Encountering Images Series #1

From time to time I will be offering examples of encounters with images from poetry.  The point is to show what we might learn from the poets about how to better engage with images in our dreams.

In the opening of Canto III inferno, “Dante” and “Virgil” stand before the gates of hell. The first nine lines are in capital letters.

PER ME SI VA NELLA CITTA DOLENTE
THROUGH ME ONE ENTERS THE CITY OF WOE..

The gate itself is speaking to the poets (and to us the readers).

This gate has spoken to me for 47 years, since I took the Italian to heart–memorized the lines in a language I do not really know. But I loved Dante and loved the sound, and I think part of the beauty of reading in a foreign language is you slow down, you don’t read it like you read the newspaper or the internet, you take time to translate the words and feel them.

There is another language that has become foreign for too many of us, the language of images. We have forgotten how to read images, how to respond to them. To gain benefit from our dreams, we must learn how to stand before the images.

I believe reading poetry written at a high level can teach us how to do this.  That is what I hope to show in this series.

There was a second benefit to memorizing these lines– I got to know the music, which is impossible to translate into English.  Dante fashioned the lines in form that he invented, the intertwining terza rima or “three rhyme” which creates a strongly woven pattern.

There was one more benefit, which is the most important. The lines have lived in me all these years, they are inscribed on my heart. This goes to the question of why I chose these particular lines, from Canto III, which come at the threshold when “Dante” in great fear enters the underworld with the help of his teacher and guide, the Roman poet “Virgil”. I think only now , many years later, I fully understand why I chose this particular passage.

Here are the first nine lines, usually presented in capital letters:

PER ME SI VA NE LA CITTA` DOLENTE,
PER ME SI VA NE L’ETTERNO DOLORE,
PER ME SI VA TRA LA PERDUTA GENTE.

GIUSTIZIA MOSSE IL MIO ALTO FATTORE:
FECEMI LA DIVINA PODESTATE,
LA SOMMA SAPIENZA E ‘L PRIMO AMORE.

DINANZI A ME NON FUOR COSE CREATE
SE NON ETTERNE, E IO ETTERNO DURO.
LASCIATE OGNE SPERANZA, VOI CH’INTRATE”.

THROUGH ME YOU ENTER THE WOEFUL CITY,
THROUGH ME YOU ENTER ETERNAL GRIEF,
THROUGH ME YOU ENTER AMONG THE LOST.

JUSTICE MOVED MY HIGH MAKER:
THE DIVINE POWER MADE ME,
THE SUPREME WISDOM,AND THE PRIMAL LOVE.

BEFORE ME NOTHING WAS CREATED
IF NOT ETERNAL, AND ETERNAL I ENDURE,
ABANDON EVERY HOPE, YOU WHO ENTER.

Although we understand that “Dante” and his teacher “Virgil” are standing before a gate, what is actual in the first nine lines is not an encounter with a gate, but with an inscription.  Instead of describing the gate physically, Dante gives the gate a voice that speaks to us in capital letters  rousing fear in “Dante”. [I use “Dante” to distinguish the character “Dante” in the poem from its author, Dante Alighieri. This distinction is something Dante the poet constantly wishes we would forget.]

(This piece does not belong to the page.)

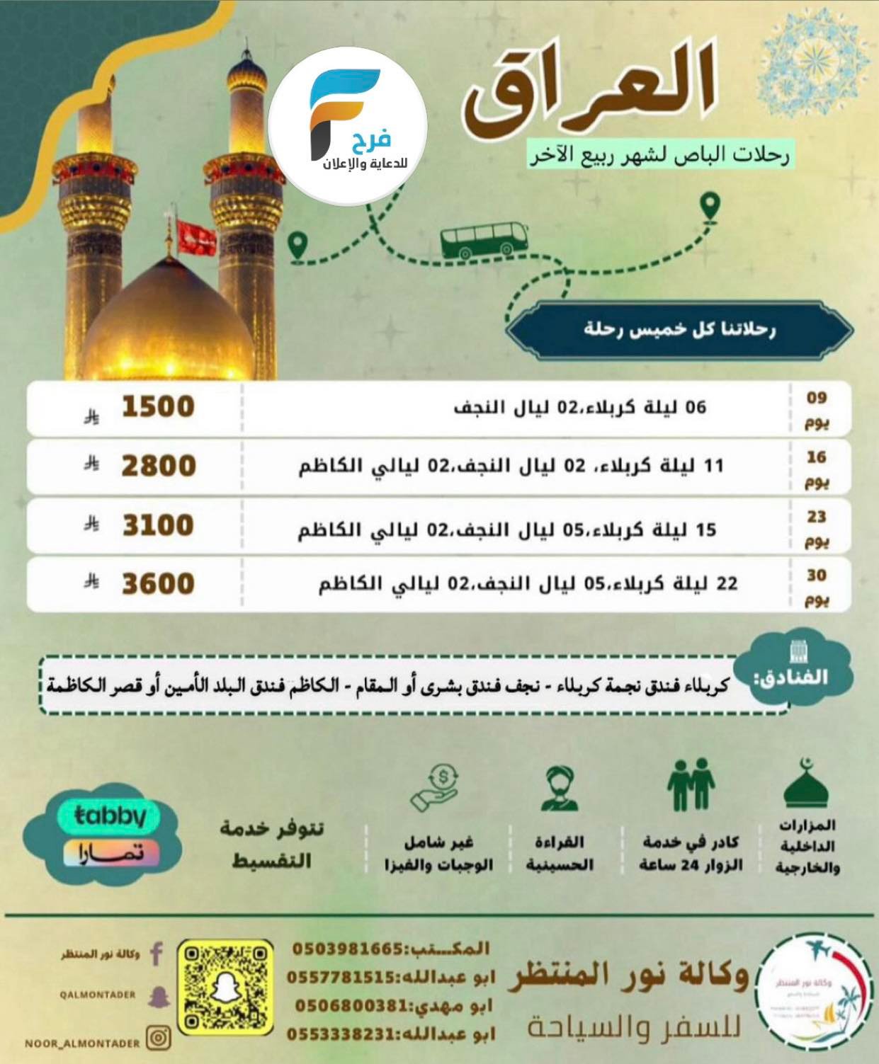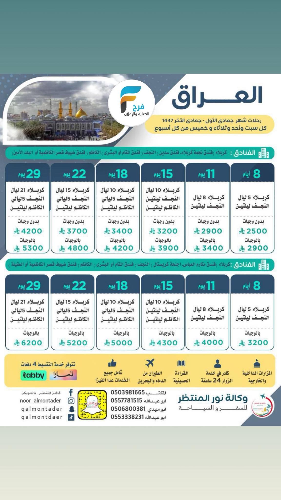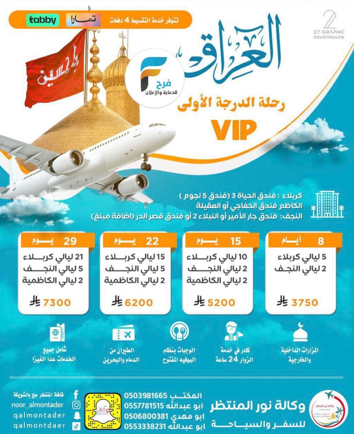 390 ريال تبدأ رحلات الحافلات والطيران قافلة المنتظر عج / مكة المكرمة – العراق 30 نوفمبر، 2025 1 للحجز والاستفسار تواصل مع مكتب الحجوزات بالشويكة القطيف – شارع الرياض مقابل مطعم الحسين في الشارع الثاني ولتصلك عروضنا احفظ الرقم وأرسل كلمة اشتراكوتساب 0557781515 للحجز والاستفسار : المكتب0138522277 الجوال0557781515050398166505533382310506800381 زورو صفحتنا ع الفيس بوكFacebook:http://goo.gl/MWwgEWInstgram:http://goo.gl/EaUD7M أضفني على Snapchat! المستخدم: qalmontaderhttps://www.snapchat.com أشترك معنا في خدمة فرح : شارك هذا الموضوع: النقر للمشاركة على X (فتح في نافذة جديدة) X انقر للمشاركة على فيسبوك (فتح في نافذة جديدة) فيس بوك معجب بهذه:إعجاب تحميل... مرتبط

The lines are usually capitalized because the words are set apart from the rest of the poem. Though they too are written by Dante the poet, the words themselves have become a thing that speaks to us. Through these words, the gate of hell, which is not really described, acquires a voice.

The appearance of the inscription is sudden. There is what we call in dreamwork, a ‘shift” or gap in the narrative. At the end of the preceding Canto II, “Dante” has affirmed “Virgil”  tu duca, tu segnore, tu maestro—  as “leader, lord and teacher”… “Thus I spoke to him and when he set out/ we entered on the deep and savage way.” So Canto II ends  As Canto III begins- we are now reading with “Dante” and “Virgil” the inscription. Now an inscription over a gate is both word and image in the same moment.  If the words were written on a piece of paper– which is how we read them in the poem– they are flat. But if the words are visualized, as Dante encourages us to do, as “written in dark letters on top of the gate” into hell, we are also encountering an image.

It is like the difference between the word ‘stop” written on a piece of paper, and the feeling of seeing a stop sign when you are driving. One is just a word, the other is a word that has become an image as well.

The image is made of words and this is important because  in a sense, all the images in a poem are also made of words. It is as if Dante is reminding us of this underlying reality– this poem that you are participating in, is made of words, and yet if I do my work right as a poet, you forget the words and see the images.  That’s a difference between reading a poem mechanically, and reading a poem so that you also see the images. In order to pass through the gates into the underworld, that is into the depths of the unconscious as well– you must read not just words but also images. You must do more  You must imagine the feelings

Here is an example of a visual image of the gates, as imagined by the great poet and artist, William Blake.

Notice at the top of the gate in script is the inscription, notice the gesture of “Virgil” on the right, guiding “Dante” and the gesture of “Dante” which could be interpreted as fearful as he seems to be clinging to the garment of his teacher. The colors are bright though, almost rosy, though Blake indicates the flames of hell as well.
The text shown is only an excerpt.